• TASK TO COMPLETE
Give again, unaltered, the line with "Reviewed: Respective Battalion" and all lines that follow it in the listing below, minus any pictures.

• EXERCISE DATA
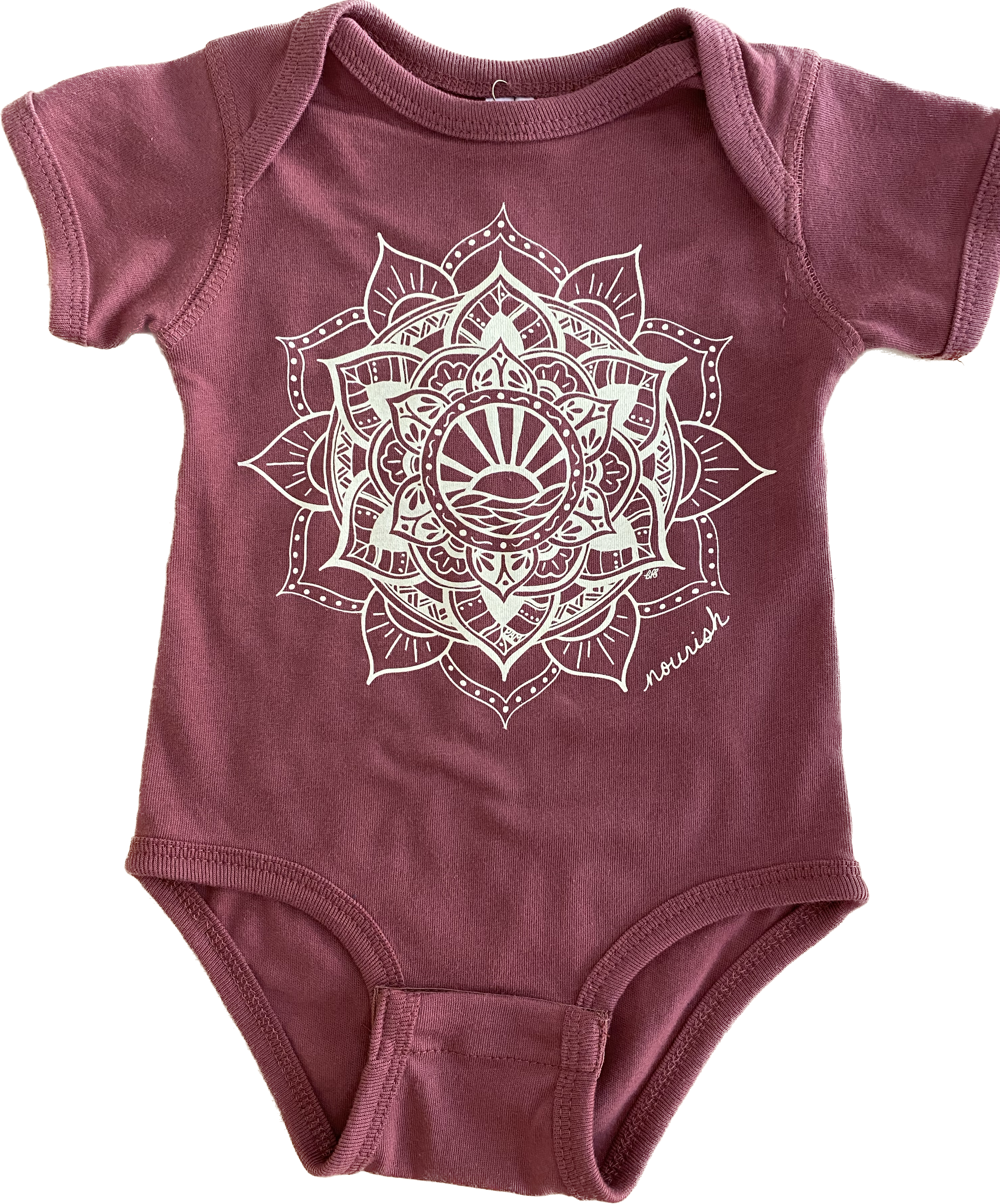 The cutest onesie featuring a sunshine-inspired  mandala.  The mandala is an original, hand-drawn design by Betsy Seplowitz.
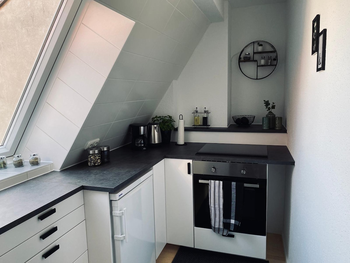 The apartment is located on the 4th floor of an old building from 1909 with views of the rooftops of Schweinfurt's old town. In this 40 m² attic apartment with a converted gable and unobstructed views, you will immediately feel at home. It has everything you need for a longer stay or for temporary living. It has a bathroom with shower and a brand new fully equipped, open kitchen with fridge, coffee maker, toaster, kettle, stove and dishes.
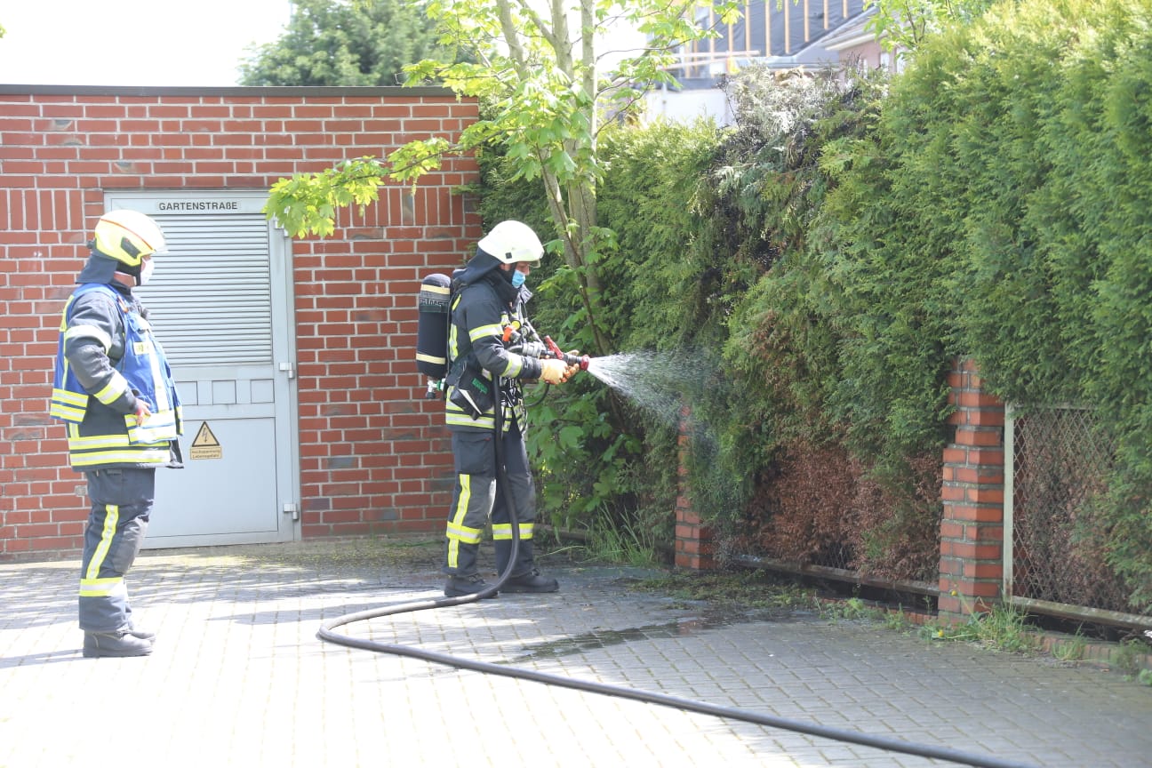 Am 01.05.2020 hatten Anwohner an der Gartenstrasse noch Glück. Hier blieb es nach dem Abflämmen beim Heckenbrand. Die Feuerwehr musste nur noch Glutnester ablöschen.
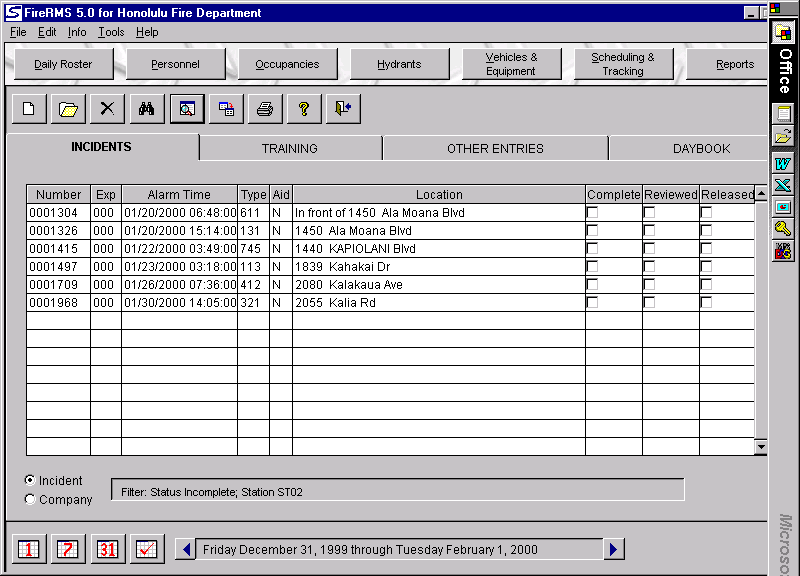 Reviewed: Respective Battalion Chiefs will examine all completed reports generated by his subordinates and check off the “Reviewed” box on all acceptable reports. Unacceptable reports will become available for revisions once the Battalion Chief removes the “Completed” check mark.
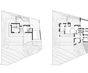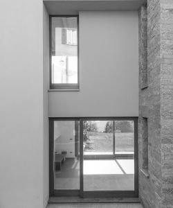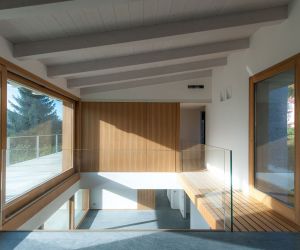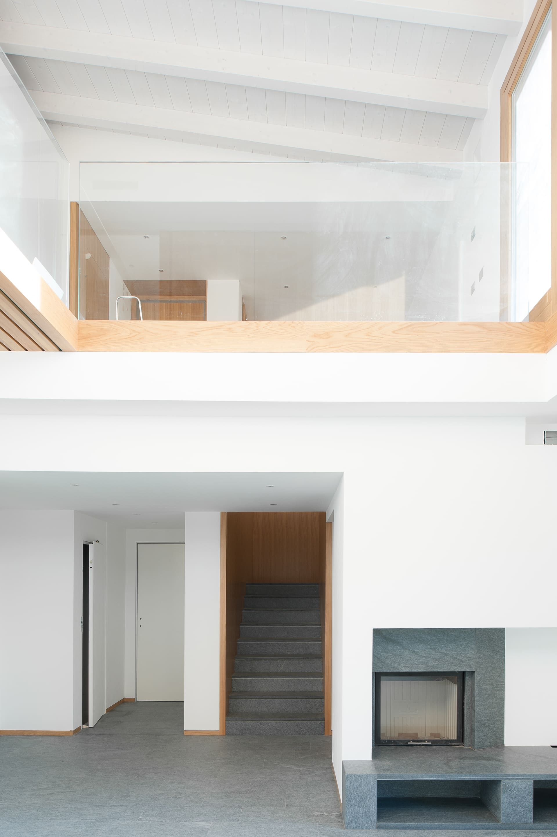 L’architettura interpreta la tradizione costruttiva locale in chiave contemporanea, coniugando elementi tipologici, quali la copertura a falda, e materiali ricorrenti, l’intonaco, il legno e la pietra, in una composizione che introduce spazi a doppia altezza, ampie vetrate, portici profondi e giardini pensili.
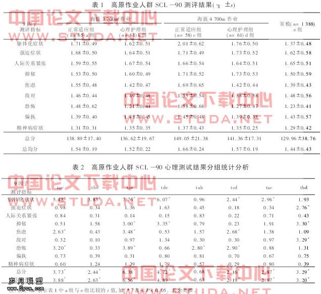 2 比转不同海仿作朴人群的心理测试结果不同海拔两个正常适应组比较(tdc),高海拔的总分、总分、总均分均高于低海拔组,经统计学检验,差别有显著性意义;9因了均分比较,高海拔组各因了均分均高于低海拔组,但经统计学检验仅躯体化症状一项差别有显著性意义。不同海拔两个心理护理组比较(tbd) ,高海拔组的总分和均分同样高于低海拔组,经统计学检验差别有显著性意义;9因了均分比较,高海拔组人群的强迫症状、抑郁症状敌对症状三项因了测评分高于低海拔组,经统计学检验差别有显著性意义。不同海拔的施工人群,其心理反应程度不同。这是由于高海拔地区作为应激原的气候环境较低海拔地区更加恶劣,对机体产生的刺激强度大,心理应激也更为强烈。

• SOLUTION FOR THIS PROBLEM
 Reviewed: Respective Battalion Chiefs will examine all completed reports generated by his subordinates and check off the “Reviewed” box on all acceptable reports. Unacceptable reports will become available for revisions once the Battalion Chief removes the “Completed” check mark.
 L’architettura interpreta la tradizione costruttiva locale in chiave contemporanea, coniugando elementi tipologici, quali la copertura a falda, e materiali ricorrenti, l’intonaco, il legno e la pietra, in una composizione che introduce spazi a doppia altezza, ampie vetrate, portici profondi e giardini pensili.
 2 比转不同海仿作朴人群的心理测试结果不同海拔两个正常适应组比较(tdc),高海拔的总分、总分、总均分均高于低海拔组,经统计学检验,差别有显著性意义;9因了均分比较,高海拔组各因了均分均高于低海拔组,但经统计学检验仅躯体化症状一项差别有显著性意义。不同海拔两个心理护理组比较(tbd) ,高海拔组的总分和均分同样高于低海拔组,经统计学检验差别有显著性意义;9因了均分比较,高海拔组人群的强迫症状、抑郁症状敌对症状三项因了测评分高于低海拔组,经统计学检验差别有显著性意义。不同海拔的施工人群,其心理反应程度不同。这是由于高海拔地区作为应激原的气候环境较低海拔地区更加恶劣,对机体产生的刺激强度大,心理应激也更为强烈。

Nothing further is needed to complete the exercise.